As for that velocity issue, Sale and the White Sox (54-45) responded with the same overall lack of worry as they did when questioned about the topic after the left-hander worked eight innings in a victory over the Royals on July 15.
"These guys can hit anything," said Sale of the potent Rangers offense. "Like I said before, it's not about how hard it's coming in. It's where it's at. I don't know how to answer that to be honest with you."
"We talked about it a little bit but it's him becoming more of a pitcher rather than just using velocity," said White Sox manager Robin Ventura of his ace left-hander, whose ERA stands at 2.61 after 18 starts and 19 games. "Every once in a while he can still do it. But I don't think it's anything arm related."
That health diagnosis from Ventura was quickly supported by his 23-year-old starter.
"Everything is fine," Sale said. "It's getting late in the year and that might be a little bit of it. But that's not something I'm paying attention to. I honestly couldn't care less how hard I'm throwing."
His ninth win in 10 decisions wasn't without its challenges.
In the fifth, Sale hit Craig Gentry with a pitch and then walked Ian Kinsler. Elvis Andrus unsuccessfully tried to bunt twice, and then struck out when manager Ron Washington had Andrus bunt a third time. Josh Hamilton followed with a three-pitch strikeout, missing a Sale slider on 0-2 by quite a margin, and Adrian Beltre took a called third to end the frame.
Texas (58-40) scored once in the seventh without benefit of a hit, but it could have been much worse.

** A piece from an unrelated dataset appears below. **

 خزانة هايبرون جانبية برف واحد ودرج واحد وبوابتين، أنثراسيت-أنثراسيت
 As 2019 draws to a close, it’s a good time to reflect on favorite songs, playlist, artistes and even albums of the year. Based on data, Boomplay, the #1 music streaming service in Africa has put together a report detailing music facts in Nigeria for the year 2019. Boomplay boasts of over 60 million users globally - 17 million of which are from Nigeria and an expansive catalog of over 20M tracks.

Nate Jones replaced Sale with a runner on first and one out and promptly hit Kinsler and walked Andrus to load the bases. Matt Thornton was brought in to face Hamilton, and induced a fielder's choice to first baseman Paul Konerko that scored a run. Thornton walked Beltre to re-load the bases, but Michael Young's line out to Alex Rios in right ended the rally.

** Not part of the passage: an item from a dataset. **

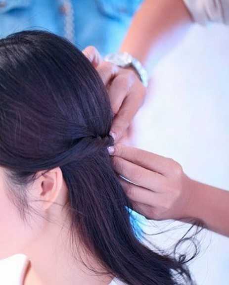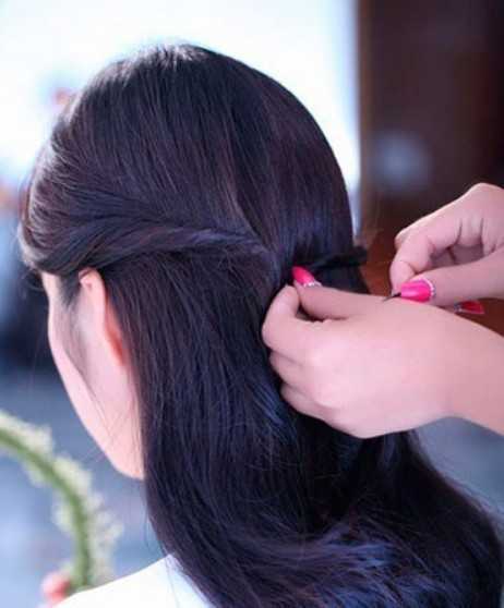 4、而右侧采取同样的方法,扭转小发束后固定。

After six strikeouts, two walks and 109 pitches thrown, Sale had improved to 2-0 against the American League West leaders.
"He's pretty good. He made some good pitches," said Kinsler. "We had some good at-bats against him and some opportunity, but that's what a good pitcher does. He makes pitches."
"I feel like we let him get away, especially when we came back and scored four runs in the first inning," Washington said. "I felt like we could make that stand."
Yu Darvish (11-7) made his inaugural appearance against the White Sox, and Ventura's crew didn't have much trouble getting to the Rookie of the Year candidate. The White Sox scored one in the first on Rios' sacrifice fly and two more in the second on Kevin Youkilis' 425-foot home run on an 0-2 pitch to cut the lead to one. It was a sequence that disappointed the Texas right-hander.
"Very much so," said Darvish of Youkilis' blast to center. "Two outs, two strikes and giving up that home run. That's something that was very unfortunate."
Alejandro De Aza's two-run single in the fourth gave the White Sox their first lead at 5-4. By the time Rios picked up his third RBI with a ninth-inning double off Alexi Ogando and Alexei Ramirez went deep, the White Sox were on their way to a fourth straight win against the two-time defending AL champs.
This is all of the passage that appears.